The Craigieburn Range forms part of the Southern Alps in New Zealand's South Island. The range is located on the south banks of the Waimakariri River, south of Arthur's Pass and west of State Highway 73. The Craigieburn locality is adjacent to the Craigieburn Forest Park.

Named Peaks 
There are a number of named peaks located within the Craigieburn Range (north to south):
 Baldy Hill 
 Hamilton Peak 
 Nervous Knob 
 Mount Wall 
 Mount Cockayne 
 Mount Cheeseman 
 Mount Olympus 
 Mount Izard  Named after William Izard (1851–1940)
 Mount Cloudesley 
 Mount Enys 
 Carn Brea 
Willis Peak  Named after Paul Hedley Willis (1941–2011) 
 Blue Hill

Ski Fields 
The Craigieburn Valley Ski Area is located east of Hamilton Peak.
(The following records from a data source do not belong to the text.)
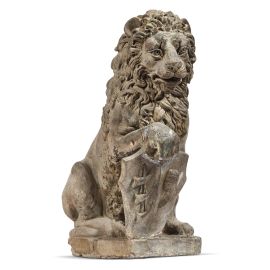in terracotta, il leone rirpoduce la tipologia del Marzocco recante stemma sotto la zampa destra; cm 56x43x28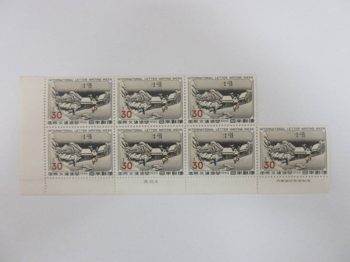 切手 / 国際文通週間 1960 蒲原(安藤広重) 30円 7枚ブロック / 未使用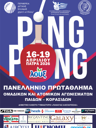Έρχεται γρήγορα μετά το Πάσχα η νέα μεγάλη διοργάνωση Πινγκ - πονγκ και η Πάτρα θα έχει τον ρόλο της οικοδέσποινας.

The Broken River Ski Area is located east of Nervous Knob, and north of Mount Wall. A third ski field, Mount Cheeseman, is located east of Mount Cockayne and north of the mountain from which it took its name. Also Porters ski area at the south end of the range.  All four ski fields are accessible from State Highway 73.  A fifth ski field, Mount Olympus Ski Area, is accessible via Windwhistle.